“But the charm is at length broken; a victorious climber has transcended the point at which his predecessors were arrested. Every one now does the same; such are men; they want but a precedent; as soon as it is proved that a thing is possible, it is no longer difficult. Our climber continues his success, further and further still; he is at a few feet only from the summit, but he is wearied, he relents; alas, is the prize almost in his grasp to escape from him! He makes another effort, but of no avail. He does not, however, lose ground; he reposes. In the meantime, exclamations are heard, of doubt, of success, of encouragement.
“After a lapse of two or three minutes, which is itself a fatigue, he essays again—it is in vain. He begins even to shrink—he has slipped downwards a few inches, and recovers his loss by an obstinate struggle (applauses), but it is a supernatural effort, and his last. Soon after, a murmur is heard from the crowd, half raillery, half compassion, and the poor adventurer slides down, mortified and exhausted, upon the earth. So a courtier, having planned from his youth, his career of ambition, struggles up the ladder, lubrick and precipitous, to the top, to the very consummation of his hopes, and then falls back into the rubbish from which he has issued, and they who envied his fortune, now rejoice in his fall. What lessons of philosophy in a greasy pole! What moral reflections in a spectacle so empty to the common world! What wholesome sermons are here upon the vanity of human hopes, the disappointments of ambition, and the difficulties of success in the slippery path of fortune and human greatness! But the defeat of the last adventurer has shown the possibility of success, and prepared the way for his successor, who mounts up, and perches on the summit of the mast, bears off the crown, and descends amidst the shouts and applauses of the multitude. It is Americus Vespucius, who bears away from Columbus the recompense of his toils.”

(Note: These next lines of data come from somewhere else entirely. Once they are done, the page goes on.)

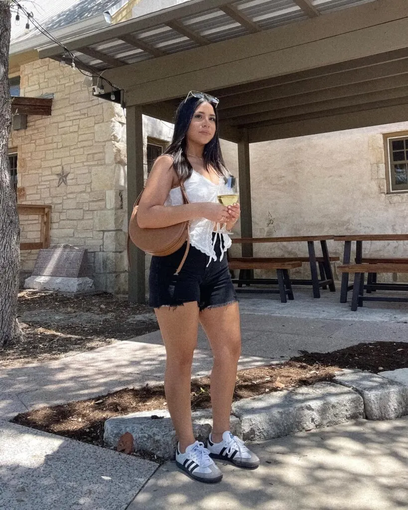 A white lace-trim tank and raw-hem black shorts make for a breezy summer look. Adidas Sambas add a sporty edge to the laid-back warm-weather fit.
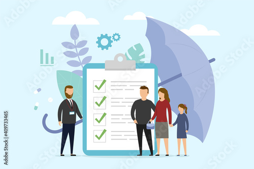 insurance, document, health, estate, money, vector, cartoon, flat, family, manager, protect, signature, check, mark, umbrella, save, safe, deal, talk, racked, official, accurateness, list, profit, advert, promote, care, life, contract, person, support, finance, business, children, man, service, illustration, safety, medicals, investment, medicine, policy, security, risk, form, plan, help, paper, payment, woman
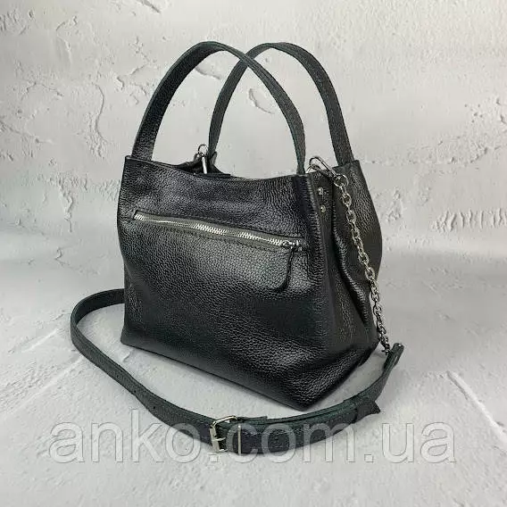 молнии. Плечевой ремень с декоративной цепочкой, регулируется по
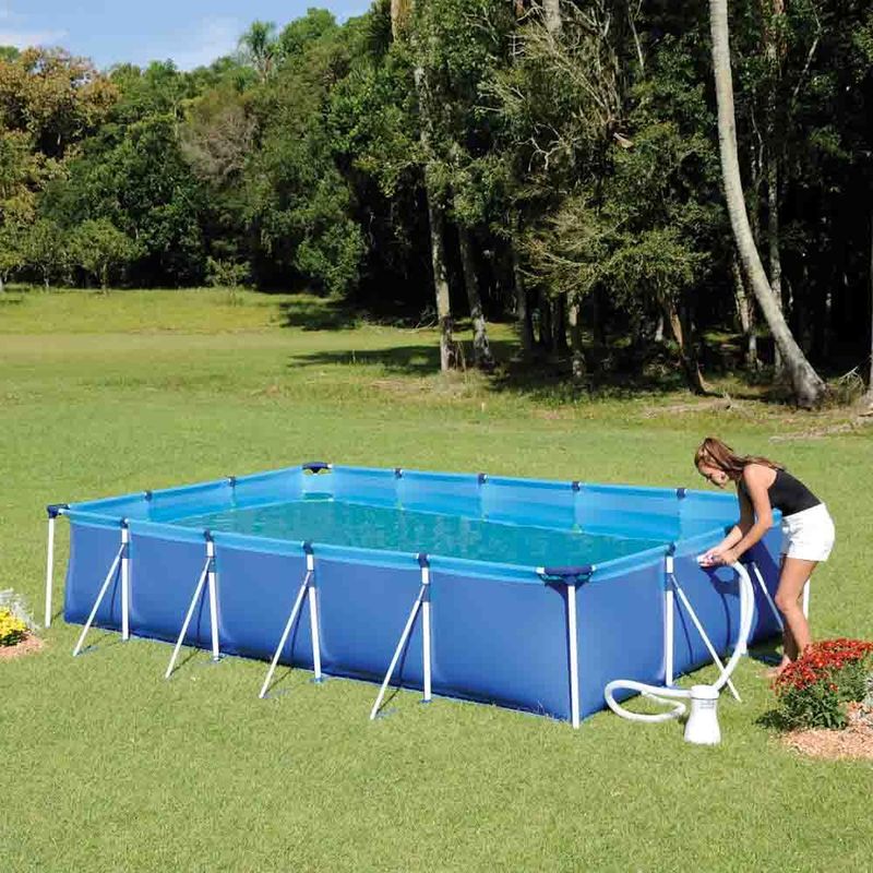 Piscina Retangular 10000 Litros Estruturada Premium Mor Pensando em uma diversão que não seja interrompida em nenhum momento, a Piscina Premium 10.000 litros foi desenvolvida em estrutura com tubos de aço totalmente firmes e de forte aderência à impactos. Sua lona em PVC monocromático oferece total suporte e possui tripla camada: duas lâminas de PVC com uma trama de poliéster entre elas, perfeita para dar mais resistência ao produto. Possui ainda válvula para encaixe de filtro e deságue de água, tornando muito mais fácil seu processo de montagem e manutenção. Seus exclusivos esquineiros na cor verde-maçã garantem mais firmeza, facilidade ao montar e também um melhor acabamento. As escoras da Piscina são pintadas em epóxi à pó na cor branca, garantindo ainda mais durabilidade, além do design moderno e inovador. Tudo para proporcionar mais praticidade durante sua manutenção, deixando a hora do lazer muito mais tranquila e divertida. Perfeita para a família toda se reunir e brincar de montão na melhor época do ano! Atenção! Nunca deixe crianças sozinhas perto da água sem supervisão de um adulto. Descrição do produtoMarca: MorMaterial: PVCFormato: RetangularCor: AzulCapacidade: 10.000 LitrosMedida da piscina com escoras: 5,26m x 3,54m x 84cmAltura: 84,00 CentímetrosLargura: 2,70 MetrosComprimento: 4,42 MetrosPeso: 40,04 Kilogramas Imagens meramente ilustrativas, todos os itens que ambientam o produto não estão inclusos.
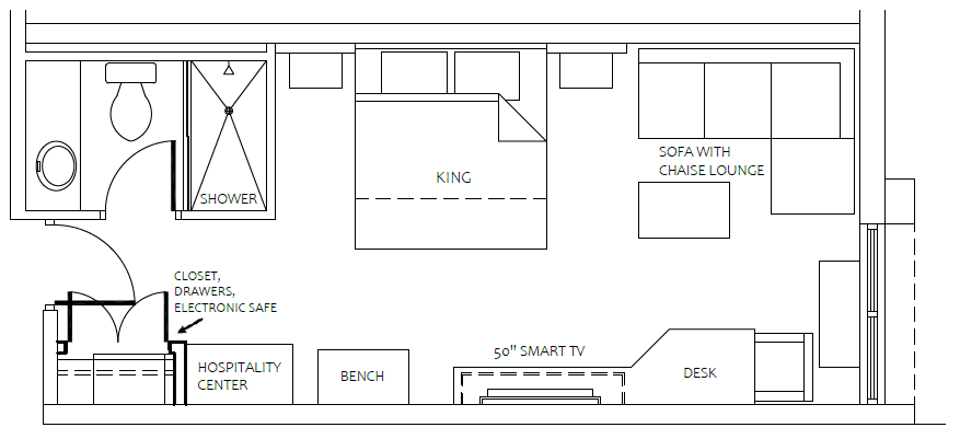 Our Deluxe King guest room features a king bed and comfortable chaise sofa with a leather ottoman. Adequate, well-placed outlets and a floating desk with modern accent chair provide plenty of workable space. Enjoy a 50” Smart TV, CubieBlue clock, and a hospitality center which provides ample counter space, a coffee maker, microwave, and refrigerator. An enclosed closet with built in drawers and electronic safe provide additional storage. The bathroom features an enclosed glass shower and a lighted round mirror.
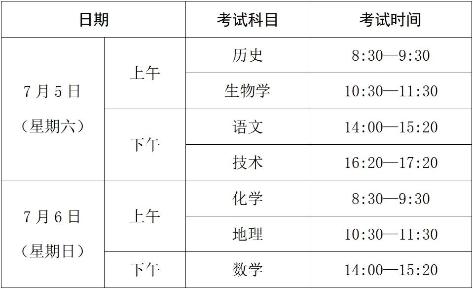 本次考试于7月5日-6日举行,我省共64万余考生报名,全省设345个考点,7万余个考场。学考定时定科统一安排,本次开考7个科目,高一学生考历史、地理、化学、生物学,高二学生考语文、数学、技术。社会人员根据自己本次报名的科目参加考试。
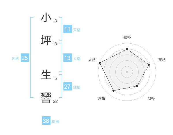 小坪 生響さんの総格は38画の4点!
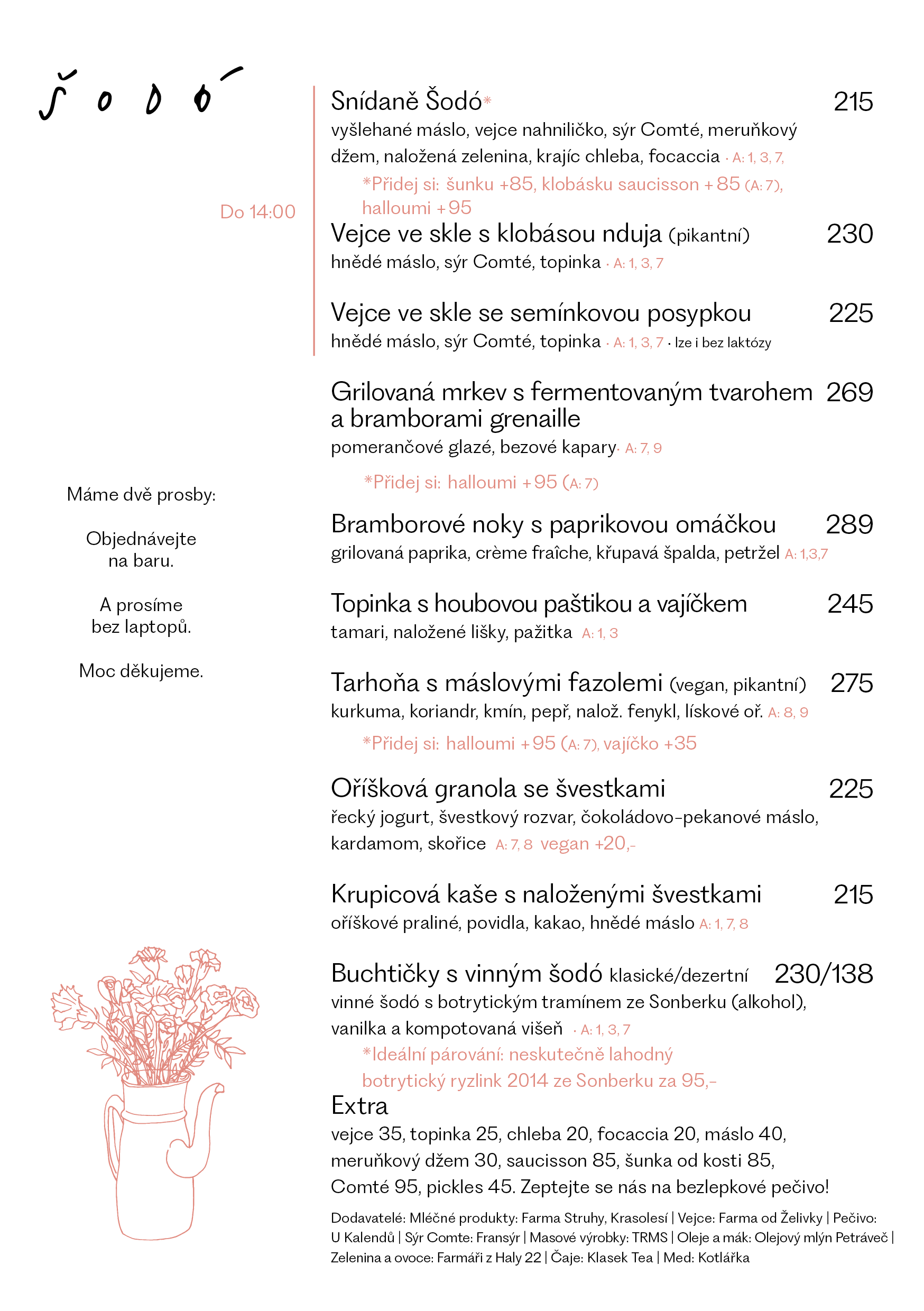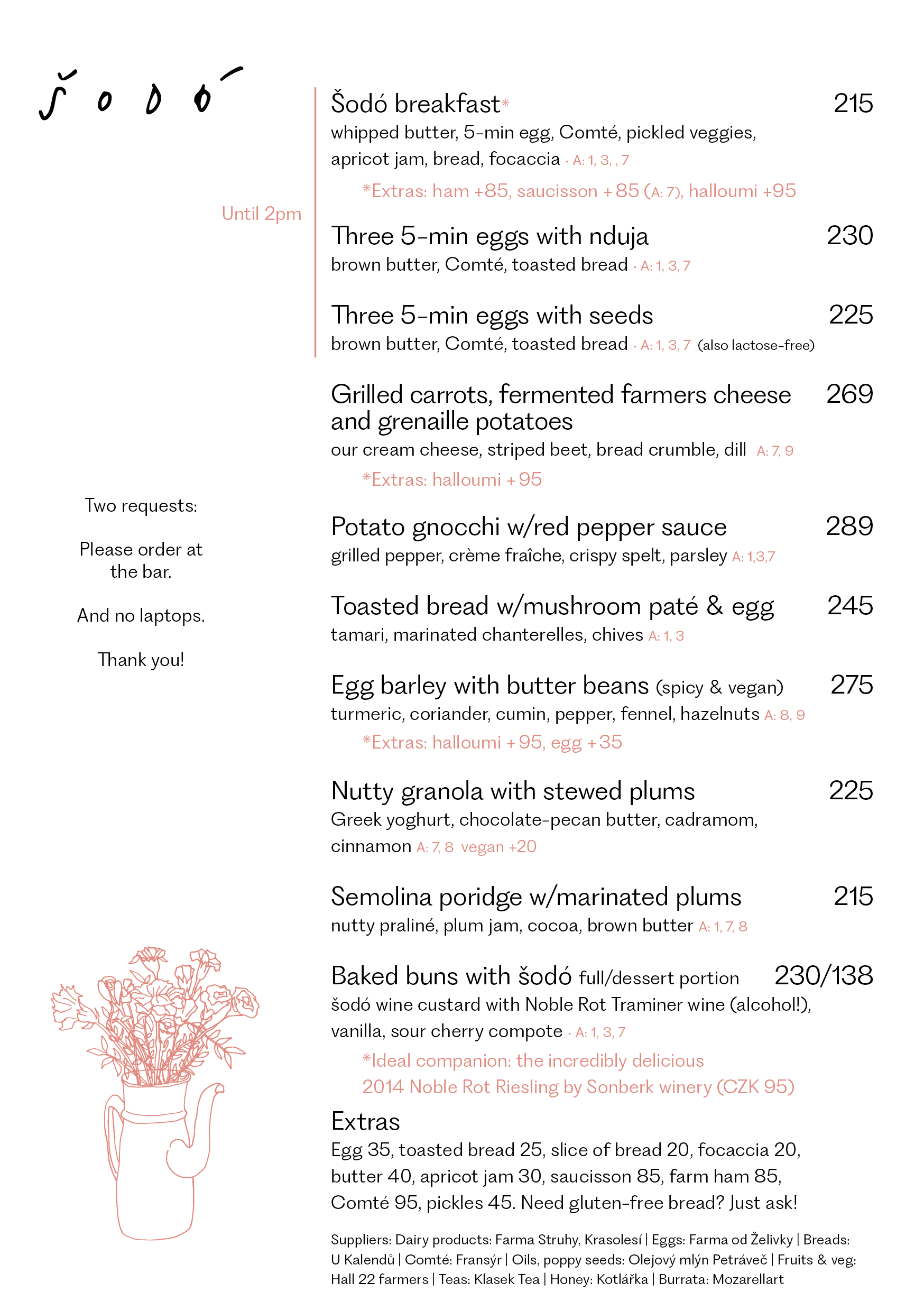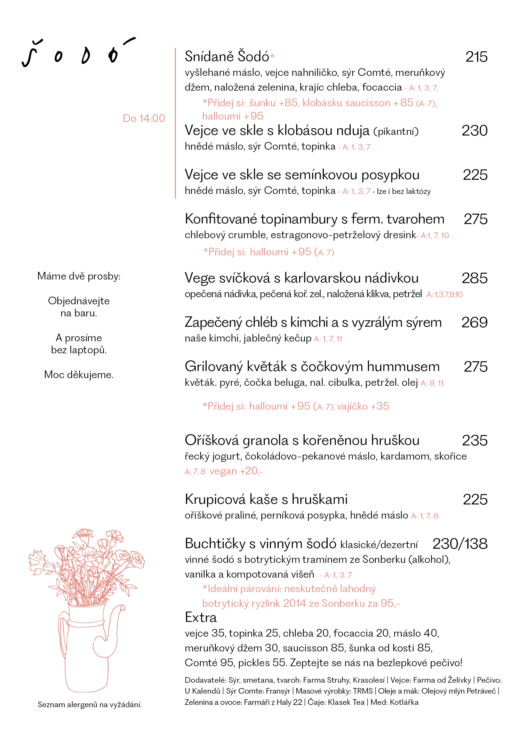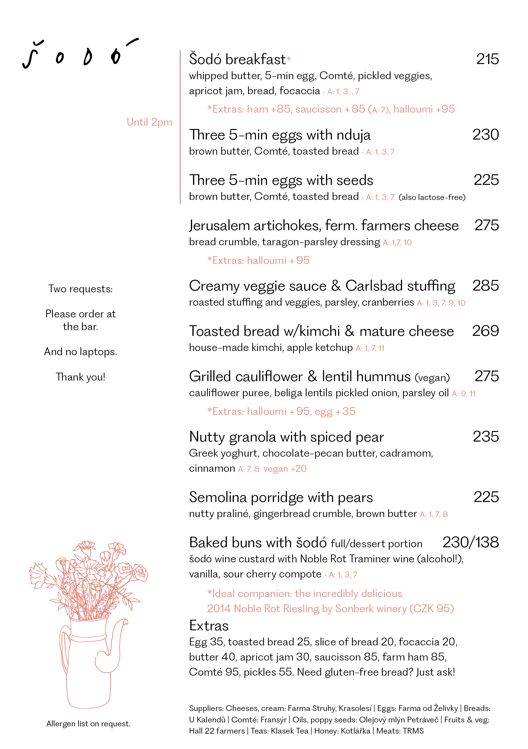For reservations call +420 602 361 188. You can reserve a table for the opening hour (8am Mo-Fr, 9am weekends) and from 2pm onwards. The reservation is for 90 minutes. Can't wait to see you!

I have placed commas over a few of the preceding paragraphs, to tell you that they are taken chiefly from a French description, much prettier than any thing I could offer you of my own.
And now, farewell, Paris! thou Pandora’s box of all good and all evil, farewell! I ought not to take leave without making amende honorable for the ill I have said and thought of the French people in my fretful humours. I know some of them I cannot think ill of, for the life of me. I can scarce hate the knaves and fools on their account. Then, farewell, Paris! Thrice I have bid thee adieu, and still am lingering at thy threshold.
THE END.
LONDON: STEWART AND MURRAY, OLD BAILEY.
[1] Who would have thought that these two champions of Infidelity, who were refused Christian burial, would one day, have assigned to their remains, the first church of France, and one of the first in Christendom, as their mausoleum. I wonder if Jean Jaques, in his prophetic visions, foresaw this?
[2] A nest of students has lately been detected in this employment.
[3] Racine told the Duc de Maine, who was anxious for a place at the old Academy, that there was no place vacant; but there was no member, he said, who would not be glad to die to accommodate him—“qui ne tint à grand honneur de mourir, pour lui en faire une”—and Racine said this seriously.